This discussion covers only scientific, medical and technical literature. It is not meant to provide guidance in the arts, humanities and social sciences, where the meanings of 'primary literature' and 'secondary literature' are quite different.
In the sciences, primary literature reports the results of original research, research that finds something that no one knew before. It may be work done in a laboratory or observation of natural phenomena. Sometimes it gives the results of redoing work that someone else has already done just to see if it is correct. As one student said recently, "It's like a lab report."
Scientific primary literature usually has a title that summarizes the findings. Primary articles normally have the same or similar sections:
Secondary scientific literature describes or discusses primary literature. This can take the form of a literature review or meta-review, where the authors have read many primary articles to describe the current state of knowledge of a scientific topic. A news story about a new scientific finding is also a secondary article.

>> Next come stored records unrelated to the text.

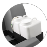
Chemical mixing system
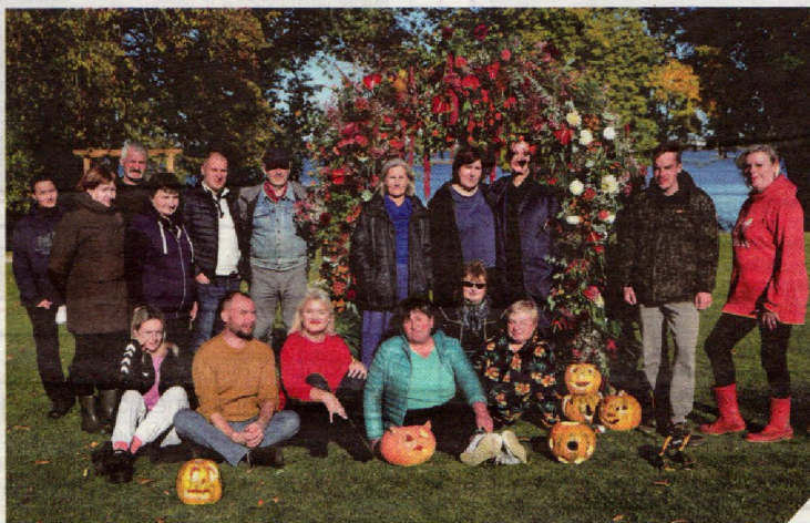
▲ Suvalkijos (Sūduvos) kultūros centro-muziejaus kolektyvas renginiui ruošėsi keletą savaitių.

Šis šešerius metus organizuojamas renginys visuomet vykdavo paskutinėmis spalio dienomis, tačiau šiemet nuspręsta jį šiek
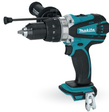
DHP458 Taladro percutor de 1/2" 18V
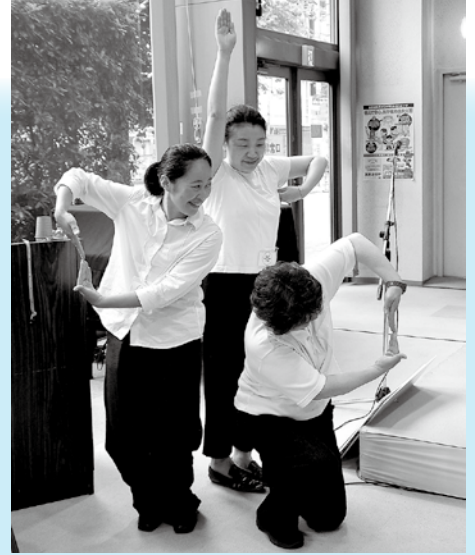
建築体操で建物になりきって構造を考えました。 (東京建築士会女性委員会)
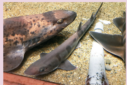
ナヌカザメ(上)と、水深200m付近で採集 されたニホンヤマモリザメ(中央) (瀬戸臨海実験所)

https://fserc.kyoto-u.ac.jp/zp/nl/news51
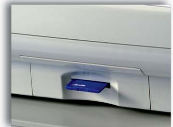
Tarjeta SD Flash con 512 MB (opcional)
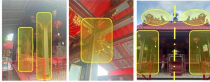
Gambar 4. Tiang Dan Struktur Penopang Atap Vihara Dewi Welas Asih.

Some journals publish both primary and secondary articles. The two most important English-language science journals, Nature and Science, both do this. So you will need to carefully read the article to see what kind of article it is.
One excellent source of secondary articles only is the Annual Reviews series, many of which we have in full text. These annual publications cover one field, like biochemistry or genetics. Each volume has from 15 to 30 articles. Each article revised what we know about one topic. The bibliographies can run to a hundred to two hundred or more articles.